There is logic to this line of interpretation: that the struggle for national identity and pride after a failed revolution should lead to nostalgia for past revolutions and a feeling of solidarity with anyone opposing the unjust and oppressive regimes of those times. Raya and Sakina were already rebels by working in an underground business and defying the British authorities. The fact they were also poor, because an exploitative state failed to provide the population with jobs and affordable food, must make it all the easier for modern-day Egyptians to sympathize with them and even paint a picture of them as full-on fighters against colonialism.
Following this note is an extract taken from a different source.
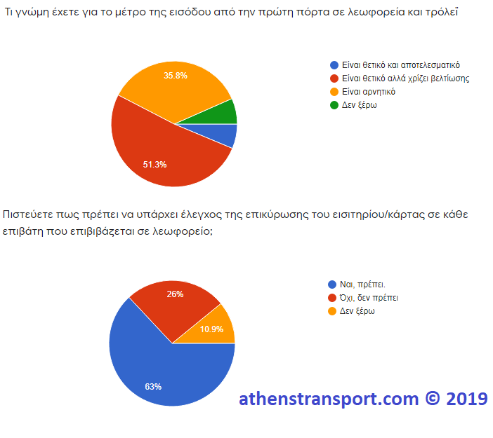 Όσον αφορά το μέτρο της εισόδου από την πρώτη πόρτα σε λεωφορεία και τρόλεϊ, η πλειοψηφία (51,3%) πιστεύει πως είναι θετικό μέτρο αλλά χρίζει βελτίωσης. Το 35,8% πιστεύει πως είναι αρνητικό μέτρο ενώ το 6,3% πως είναι θετικό και αποτελεσματικό.

In the course of a century, the image of Raya and Sakina has transformed. First, they were symbols of evil; now, many Egyptians see them as victims of poverty and injustice, or even anti-colonial resistance fighters. When I asked Egyptian friends and family about the sisters, many raved about how funny they were: They mainly associated them with the early 1980s comedy play. Another friend told me she used to visit their houses in Alexandria, where she felt a spiritual connection to them. She even claimed the windows of the houses were in different spots each time. “Every epoch, maybe even every person, has their own version of Raya and Sakina,” Chiti tells me, laughing. It is hard to determine today what the sisters’ roles in the murders really were. But their story explains a lot about all those who have recounted it in so many different ways.